Walter Sabatini, in un’intervista a Repubblica rilasciata subito dopo aver salutato la Roma, dichiarò che «sì, un direttore sportivo legge la scheda tecnica, ma quello che vedono i suoi occhi e quello che legge il suo cuore su un giocatore nessuno lo metterà mai per iscritto»; anche Ausilio confidò che gli basta «vedere i giocatori un paio di volte per capire se fanno al caso nostro». Sabatini e Ausilio intendono dire che le sensazioni, spesso, fanno la differenza nonostante l’uso sempre più frequente delle statistiche. Con il reparto scouting, il ds deve saper mantenere i rapporti, valorizzarli come se fossero suoi dipendenti, una piccola azienda nell’azienda. E quindi, deve avere anche doti di leadership notevoli. E a proposito di rapporti, anche quello con gli allenatori è delicato. Se però funziona, è spesso sinonimo di successo: non è un caso che molti ds, quando cambiano società, cerchino di lavorare insieme a tecnici con cui hanno già condiviso una o più stagioni. Nel calcio contemporaneo, che chiama gli allenatori a imporre un’identità di gioco specifica, e quindi a utilizzare giocatori con determinate e particolari caratteristiche, i ds sono sempre più chiamati a lavorare in funzione delle richieste dei tecnici piuttosto che seguendo le loro idee personali. Devono quindi conoscere nel dettaglio anche il gioco del mister a cui consegneranno i nuovi calciatori, devono essere coinvolti nello sviluppo del lavoro sul campo. E se non è possibile raggiungere i giocatori indicati dagli allenatori, il loro compito è proporre delle alternative valide, ma soprattutto che abbiano le stesse caratteristiche.

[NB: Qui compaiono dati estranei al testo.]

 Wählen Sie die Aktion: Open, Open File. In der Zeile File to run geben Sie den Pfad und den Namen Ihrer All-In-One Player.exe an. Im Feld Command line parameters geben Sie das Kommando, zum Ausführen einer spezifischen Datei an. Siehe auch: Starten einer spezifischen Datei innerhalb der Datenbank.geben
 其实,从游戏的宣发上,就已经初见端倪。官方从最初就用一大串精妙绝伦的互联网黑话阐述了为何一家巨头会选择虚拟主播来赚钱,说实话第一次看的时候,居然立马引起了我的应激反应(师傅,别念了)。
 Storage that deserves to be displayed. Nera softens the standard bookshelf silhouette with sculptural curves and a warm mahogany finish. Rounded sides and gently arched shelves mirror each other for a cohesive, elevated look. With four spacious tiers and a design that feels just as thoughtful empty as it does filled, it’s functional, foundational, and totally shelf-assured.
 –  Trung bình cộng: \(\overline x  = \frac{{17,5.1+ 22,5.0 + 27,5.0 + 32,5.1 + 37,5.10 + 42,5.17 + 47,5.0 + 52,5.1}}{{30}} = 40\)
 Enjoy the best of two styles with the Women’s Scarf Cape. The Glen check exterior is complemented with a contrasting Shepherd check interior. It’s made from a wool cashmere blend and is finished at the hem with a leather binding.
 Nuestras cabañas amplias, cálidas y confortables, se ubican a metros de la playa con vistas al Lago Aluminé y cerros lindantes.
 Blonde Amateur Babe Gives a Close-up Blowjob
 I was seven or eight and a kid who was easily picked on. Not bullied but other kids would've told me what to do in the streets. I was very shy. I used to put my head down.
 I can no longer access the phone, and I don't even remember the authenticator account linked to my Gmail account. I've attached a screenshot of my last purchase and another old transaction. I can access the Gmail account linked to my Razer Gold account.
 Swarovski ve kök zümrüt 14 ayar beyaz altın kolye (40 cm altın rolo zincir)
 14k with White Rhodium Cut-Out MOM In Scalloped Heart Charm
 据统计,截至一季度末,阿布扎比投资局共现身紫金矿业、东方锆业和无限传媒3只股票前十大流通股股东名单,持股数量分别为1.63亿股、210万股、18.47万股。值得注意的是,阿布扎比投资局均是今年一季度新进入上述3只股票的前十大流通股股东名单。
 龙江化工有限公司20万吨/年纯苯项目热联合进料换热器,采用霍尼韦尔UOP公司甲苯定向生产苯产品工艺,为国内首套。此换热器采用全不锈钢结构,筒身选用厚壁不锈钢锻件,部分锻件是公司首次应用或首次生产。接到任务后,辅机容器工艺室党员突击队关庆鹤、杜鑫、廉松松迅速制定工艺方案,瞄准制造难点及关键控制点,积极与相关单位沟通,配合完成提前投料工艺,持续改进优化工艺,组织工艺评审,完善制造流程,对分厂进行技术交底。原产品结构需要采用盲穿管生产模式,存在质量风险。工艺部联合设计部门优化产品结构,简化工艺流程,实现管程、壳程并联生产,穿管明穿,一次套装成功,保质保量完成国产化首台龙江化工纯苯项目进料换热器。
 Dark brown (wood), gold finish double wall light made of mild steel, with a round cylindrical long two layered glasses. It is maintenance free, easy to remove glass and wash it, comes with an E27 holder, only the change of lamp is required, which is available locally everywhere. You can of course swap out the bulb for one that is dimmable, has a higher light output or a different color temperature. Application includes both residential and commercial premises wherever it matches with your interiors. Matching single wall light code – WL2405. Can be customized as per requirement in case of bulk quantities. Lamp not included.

È un lavoro così sfaccettato da non poter essere svolto da chi gestisce anche la squadra. Infatti, anche in Premier i manager all’inglese stanno svanendo, stanno scomparendo le figure alla Ferguson e nel mentre cresce il numero di ds puri. Non è un caso che proprio il Manchester United, che aveva Sir Alex in persona, sia uno dei pochi club che non ha ancora un direttore sportivo. Si affida infatti all’amministratore delegato Ed Woodward, che conduce anche il mercato. Woodward fu criticato da José Mourinho a più riprese e dai fan per una mancanza di esperienza tecnica, di conoscenza dei calciatori. E oggi è stato identificato, sia dai tifosi che dagli opinionisti, come responsabile della difficoltà del club in questi anni. Non tanto per un’incapacità, quanto perché è impossibile riciclarsi, improvvisarsi o sdoppiarsi in un ruolo così complesso, e rilevante, e decisivo come quello del direttore sportivo.